I remember the live-action part of the show being a sort of puppet town, a village of strange characters who lived in mushroomy higgledy-piggledy homes, where the main host, a young man in dungarees, would wander through and meet the puppets and have weird conversations with them about stuff, each of which would lead to an interstitial cartoon or song or whatnot. One thing in particular would always happen each week, he would find a red-and-blue striped sock, which he’d hold up and remark on how stinky it was, then wiggly-woobly we’d go into watching an episode of the aforementioned The Red And The Blue .

Is this familiar to anyone?

Good taste!

I haven’t kept up with the hundreds of posts in this thread, so apologies if it’s already been mentioned. Does anyone remember Capitol Critters? It was an animated show from the early 1990s about a family of mice that lived in the White House. The funny thing is that although I remember it, I’d remembered it as a live action show with the mice being played by puppets, a la The Muppets, but when I looked it up it was clearly animated. Maybe I was conflating it with some other show.

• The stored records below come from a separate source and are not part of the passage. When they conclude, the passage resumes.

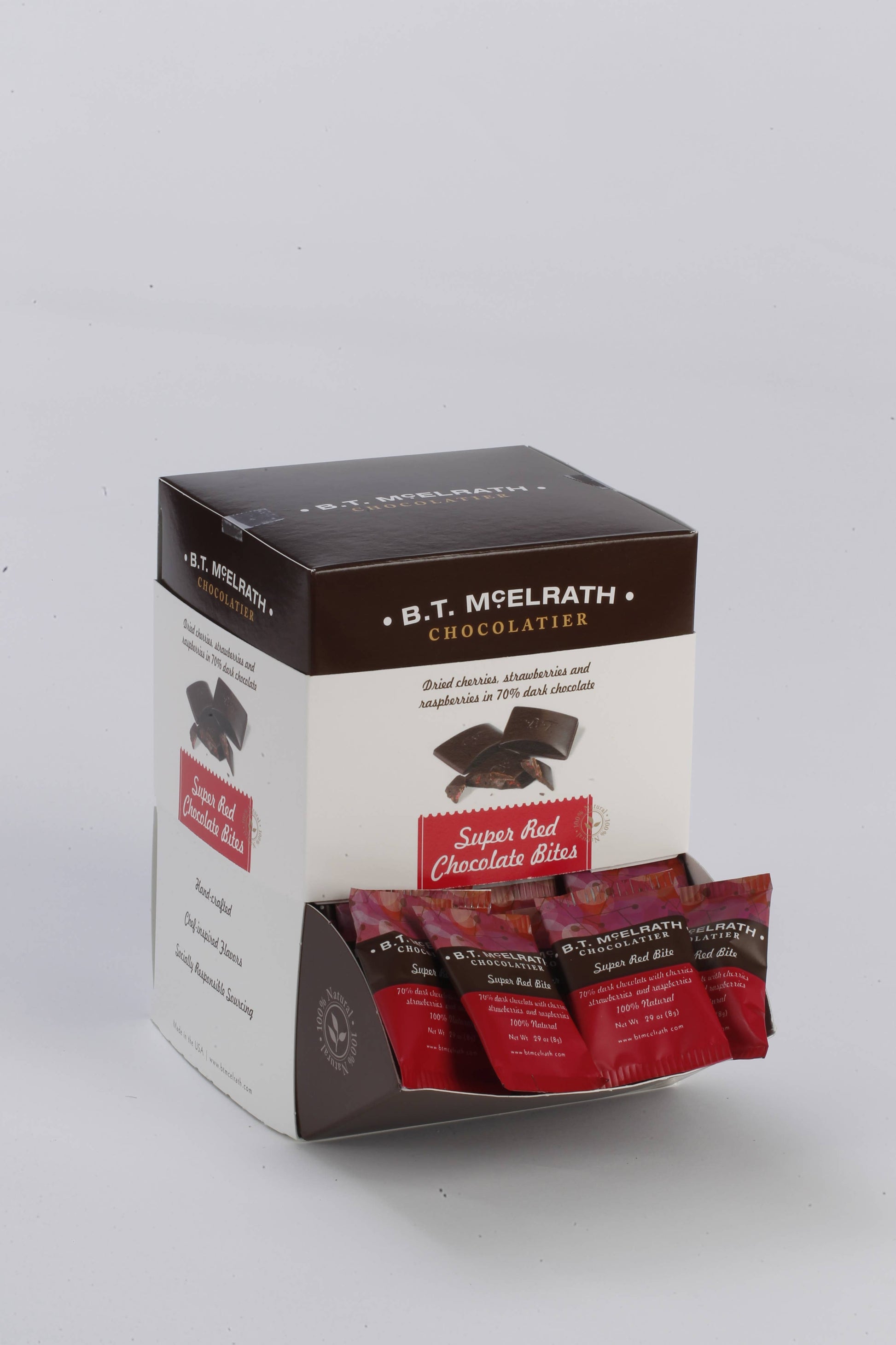 Roughly 90 of our individually wrapped Super Red Chocolate bites. Dried cherries, strawberries, and raspberries in our proprietary blend of 70% dark chocolate.
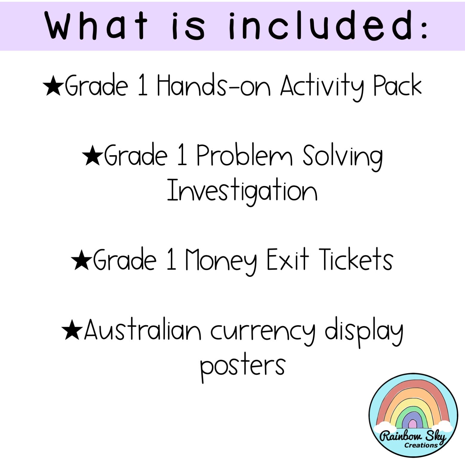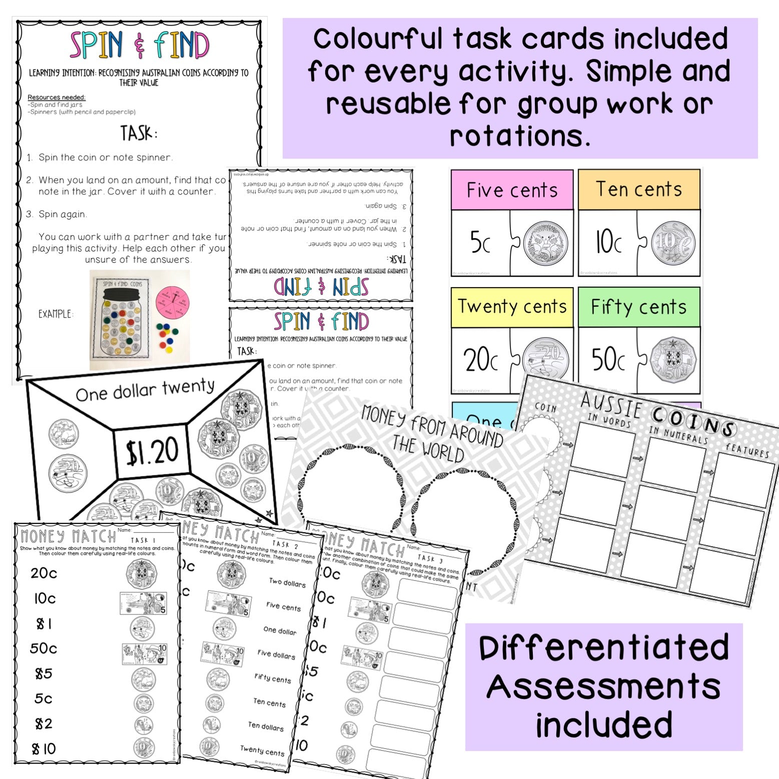 This bundle includes 4 of our popular money resources for Grade 1 as well as our Australian currency posters. Packs include easy opportunities for differentiation and a differentiation guide for teachers to suit all learners in your classroom. Also included is a range of assessments and teacher checklists to assist you with report writing.
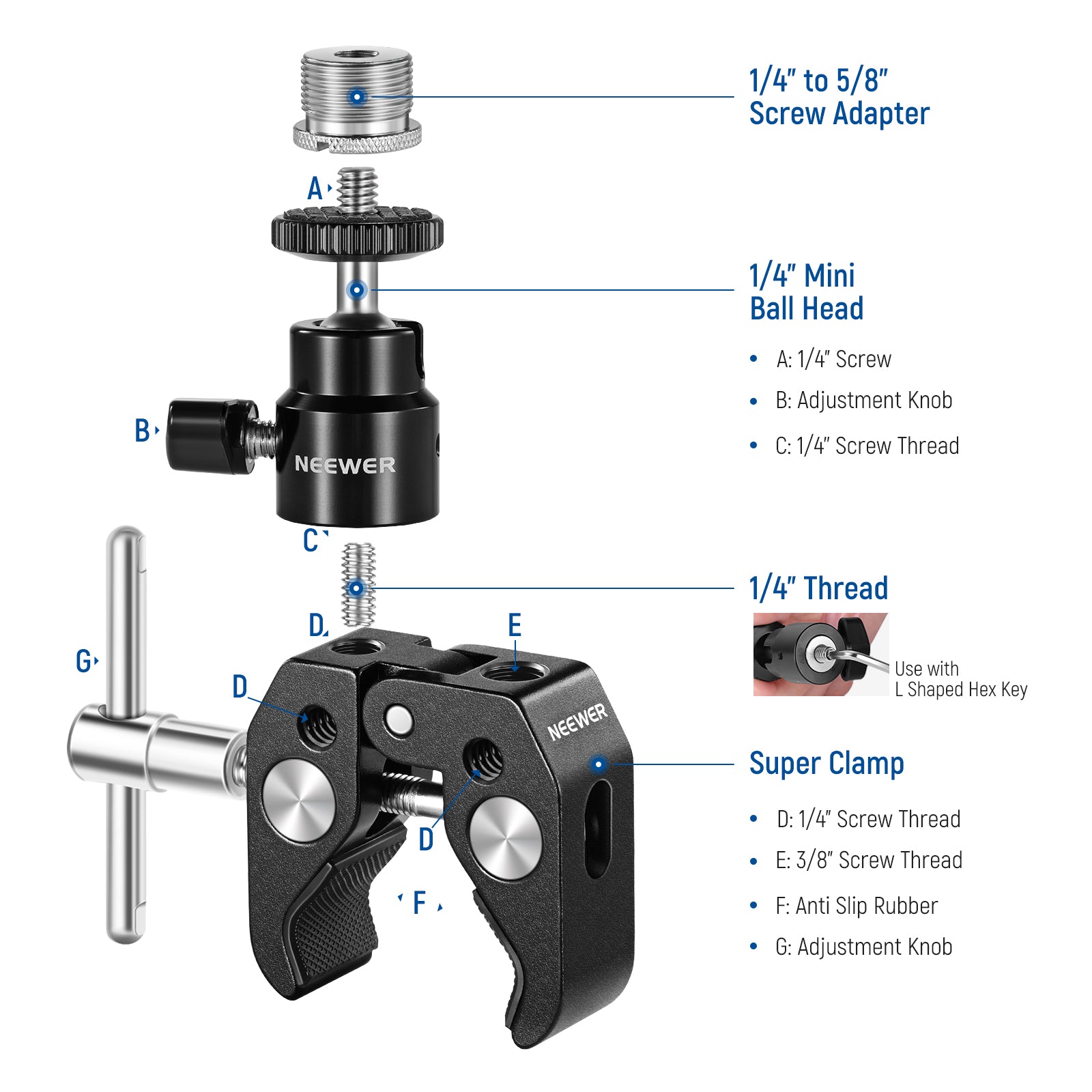 【軽量&ポータブル】小さなカニクランプの重さはわずか200gなので、ポケットに簡単に詰めて、あらゆる撮影場所に持ち運ぶことができ、屋内と屋外の両方のイベントに最適です。

I remember this. But I think I saw very little of it.

Your description reminded me a lot of a series of YouTube videos I saw awhile back. Looking on YouTube I find manshman and Robert Benfer doing very similar animations. No live action segments though.

Got another one. TVOntario used to run a bizarre British kids’ show called Vision On. It was darkly surreal…people falling into mirror universes, optical illusions, I remember the woman host (who would also simultaneously translate with sign language all her of dialogue) lying on a bed of nails at some point, line drawings coming to life. Creative stuff, but just unsettling enough for my nine year old brain.

Fast forward a few decades to my discovery of Doctor Who, and learning that my favorite old school Doctor, Sylvester McCoy, had been one of the stars of the show. I’ve met him twice, but both times neglected to mention it.